For the large sliding door at the front of the building I could use a bit of scribed lumber that I've got around here (somewhere), and the entry doors and the upper storey windows are leftovers from an old Pikestuff kit. The upper windows will be over-size, but, oh well... I don't know who makes the concrete block styrene sheet that I had, but there was enough of that on hand. The upper level annex is built with scraps of Evergreen styrene. And I have some brass screening that I could put over the windows for security against any HO scale break and enter artists.

Here are the walls, cut from concrete block sheet styrene, and rough layout of the front door. I omitted the middle window on the left hand side of the building, just because I liked the way it looked.

I then traced the outline of these block walls onto .040 sheet styrene to make the inner layer of the walls, and scribed and snapped that material wherever needed to create the window openings. I should have taken a picture of that, but never thought of it at the time. Then I glued those .040 pieces back together with the window openings removed and laminated the concrete block over top.

Below, this thing is actually starting to come together. That'll be the chimney laying to the left. A couple of cross braces help keep the walls straight and provide something for the roof to rest on. I guess that makes them roof joists.

As can be seen from the prototype photo, the front facade of the real ACME Welding is painted grey, but the side walls are just the bare, naturally weathered, concrete blocks.  I sprayed the front wall with Craftsmart Gray acrylic, and later brush painted ModelFlex Concrete Gray on the other 3 sides.

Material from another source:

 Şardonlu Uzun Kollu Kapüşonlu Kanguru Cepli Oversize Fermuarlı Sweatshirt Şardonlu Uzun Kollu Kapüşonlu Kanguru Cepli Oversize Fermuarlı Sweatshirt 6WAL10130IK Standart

View of the rear of the model.  I don't have a photo of the rear of the prototype, so I just took a best guess for that. I figured there's got to be an exit door back there at least, and likely a window too. I never thought until afterwards to check on Google or Bing Maps for an aerial view of the prototype.  When I did, it turned out I was right on both counts and I got their locations pretty close to right too.

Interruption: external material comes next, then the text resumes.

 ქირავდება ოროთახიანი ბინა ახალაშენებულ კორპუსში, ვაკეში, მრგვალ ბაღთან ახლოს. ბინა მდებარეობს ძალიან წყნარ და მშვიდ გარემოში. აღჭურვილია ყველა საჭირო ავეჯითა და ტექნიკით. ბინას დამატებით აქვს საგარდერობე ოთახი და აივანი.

The aerial or birds'eye views even showed me the sloping rooftop over a covered stairway to access the upper level. I had kind of wondered how someone would get up there. The Pikestuff windows I used on the top level are too large and I somehow got their locations in the side wall mixed up. I'll have to re-do the 2nd level sometime in the future after I find better windows.

The Pikestuff access doors I had had window openings in them, so I covered over both doors with .005 styrene. The door track for the large sliding front door is a piece of Evergreen styrene angle.

The No Parking sign is a scaled down print-out from a photo of the actual sign on the front of the real building. If I had been smarter, I would have done the same thing for the business sign at the top of the front facade, and maybe for the front entrance door too. I painted those by hand though and then used Microscale decals for the lettering and numbers. The various small steel plates are .005 styrene.

I did the grimy weathering streaks by brushing on the water soluble type of artist oils that come in those little tubes. I moistened a flat brush with MicroSol for the thinner. On the side wall, I used short pieces of .030 styrene to simulate the electrical conduits and fittings.

This little business is going to fit in really nicely on the JSSX.